**About this task:**
Below is a listing. Set down exactly the lines from the one containing "Olympic Team USA" through the one containing "随后每个小组的同学都派出了一", both ends included, and leave out the rest.

**Provided data:**
Start of Block

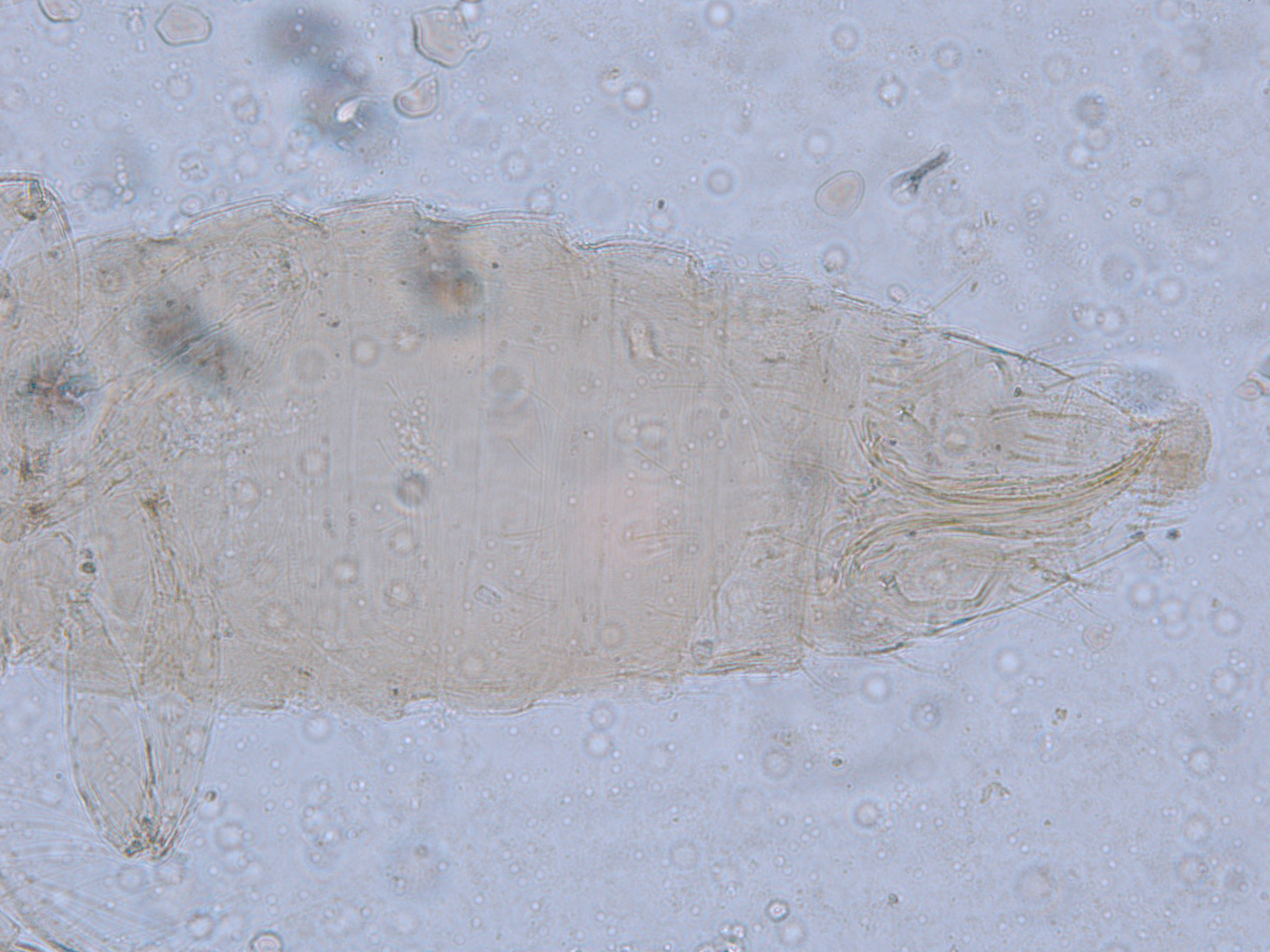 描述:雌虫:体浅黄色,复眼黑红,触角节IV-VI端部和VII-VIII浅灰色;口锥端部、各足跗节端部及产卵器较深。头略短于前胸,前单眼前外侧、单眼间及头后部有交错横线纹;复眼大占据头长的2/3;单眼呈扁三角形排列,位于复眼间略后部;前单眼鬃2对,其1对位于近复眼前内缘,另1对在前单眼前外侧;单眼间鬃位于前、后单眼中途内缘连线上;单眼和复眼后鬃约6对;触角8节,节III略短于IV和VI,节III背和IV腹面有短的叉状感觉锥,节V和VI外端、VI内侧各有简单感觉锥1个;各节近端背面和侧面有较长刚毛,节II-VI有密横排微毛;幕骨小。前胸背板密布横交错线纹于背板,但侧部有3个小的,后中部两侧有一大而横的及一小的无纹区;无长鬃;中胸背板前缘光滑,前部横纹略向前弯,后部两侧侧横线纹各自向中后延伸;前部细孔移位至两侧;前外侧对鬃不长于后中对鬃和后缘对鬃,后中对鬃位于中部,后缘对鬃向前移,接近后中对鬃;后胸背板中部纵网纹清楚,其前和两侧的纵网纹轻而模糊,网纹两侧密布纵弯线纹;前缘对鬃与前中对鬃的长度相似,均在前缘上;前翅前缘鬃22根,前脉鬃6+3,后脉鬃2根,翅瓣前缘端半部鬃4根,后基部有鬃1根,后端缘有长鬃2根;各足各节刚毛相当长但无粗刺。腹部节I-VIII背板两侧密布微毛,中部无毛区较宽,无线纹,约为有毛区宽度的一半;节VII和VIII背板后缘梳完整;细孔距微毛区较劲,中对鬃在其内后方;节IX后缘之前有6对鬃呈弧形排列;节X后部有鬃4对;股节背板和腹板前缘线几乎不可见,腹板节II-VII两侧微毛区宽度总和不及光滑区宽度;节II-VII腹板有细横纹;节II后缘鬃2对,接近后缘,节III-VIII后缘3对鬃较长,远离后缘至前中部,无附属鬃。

End of Block
Start of Block

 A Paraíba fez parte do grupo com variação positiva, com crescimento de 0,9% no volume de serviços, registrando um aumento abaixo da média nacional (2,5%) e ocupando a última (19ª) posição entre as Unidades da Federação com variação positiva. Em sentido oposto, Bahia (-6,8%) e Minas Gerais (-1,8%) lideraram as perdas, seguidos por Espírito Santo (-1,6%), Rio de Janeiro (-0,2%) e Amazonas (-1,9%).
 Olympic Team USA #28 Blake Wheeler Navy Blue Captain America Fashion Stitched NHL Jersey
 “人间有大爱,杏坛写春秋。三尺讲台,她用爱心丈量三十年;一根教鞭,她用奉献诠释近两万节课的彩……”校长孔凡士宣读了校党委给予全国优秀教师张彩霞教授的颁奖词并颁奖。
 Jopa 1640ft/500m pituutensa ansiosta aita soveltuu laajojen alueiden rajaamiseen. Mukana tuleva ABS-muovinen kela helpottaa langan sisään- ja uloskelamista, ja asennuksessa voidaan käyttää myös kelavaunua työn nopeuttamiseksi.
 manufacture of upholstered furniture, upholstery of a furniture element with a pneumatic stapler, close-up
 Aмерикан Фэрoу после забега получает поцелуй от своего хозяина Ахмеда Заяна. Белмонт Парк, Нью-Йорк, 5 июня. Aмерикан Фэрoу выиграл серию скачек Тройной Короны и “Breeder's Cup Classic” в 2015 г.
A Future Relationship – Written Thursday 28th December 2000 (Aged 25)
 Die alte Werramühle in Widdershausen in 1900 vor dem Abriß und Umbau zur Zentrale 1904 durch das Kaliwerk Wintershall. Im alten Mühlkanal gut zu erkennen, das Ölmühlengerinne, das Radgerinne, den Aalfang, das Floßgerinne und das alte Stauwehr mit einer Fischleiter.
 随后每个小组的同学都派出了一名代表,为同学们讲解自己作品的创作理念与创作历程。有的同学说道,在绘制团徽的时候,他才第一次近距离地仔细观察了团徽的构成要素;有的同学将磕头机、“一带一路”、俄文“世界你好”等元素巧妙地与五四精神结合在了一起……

End of Block

**Finished task:**
 Olympic Team USA #28 Blake Wheeler Navy Blue Captain America Fashion Stitched NHL Jersey
 “人间有大爱,杏坛写春秋。三尺讲台,她用爱心丈量三十年;一根教鞭,她用奉献诠释近两万节课的彩……”校长孔凡士宣读了校党委给予全国优秀教师张彩霞教授的颁奖词并颁奖。
 Jopa 1640ft/500m pituutensa ansiosta aita soveltuu laajojen alueiden rajaamiseen. Mukana tuleva ABS-muovinen kela helpottaa langan sisään- ja uloskelamista, ja asennuksessa voidaan käyttää myös kelavaunua työn nopeuttamiseksi.
 manufacture of upholstered furniture, upholstery of a furniture element with a pneumatic stapler, close-up
 Aмерикан Фэрoу после забега получает поцелуй от своего хозяина Ахмеда Заяна. Белмонт Парк, Нью-Йорк, 5 июня. Aмерикан Фэрoу выиграл серию скачек Тройной Короны и “Breeder's Cup Classic” в 2015 г.
A Future Relationship – Written Thursday 28th December 2000 (Aged 25)
 Die alte Werramühle in Widdershausen in 1900 vor dem Abriß und Umbau zur Zentrale 1904 durch das Kaliwerk Wintershall. Im alten Mühlkanal gut zu erkennen, das Ölmühlengerinne, das Radgerinne, den Aalfang, das Floßgerinne und das alte Stauwehr mit einer Fischleiter.
 随后每个小组的同学都派出了一名代表,为同学们讲解自己作品的创作理念与创作历程。有的同学说道,在绘制团徽的时候,他才第一次近距离地仔细观察了团徽的构成要素;有的同学将磕头机、“一带一路”、俄文“世界你好”等元素巧妙地与五四精神结合在了一起……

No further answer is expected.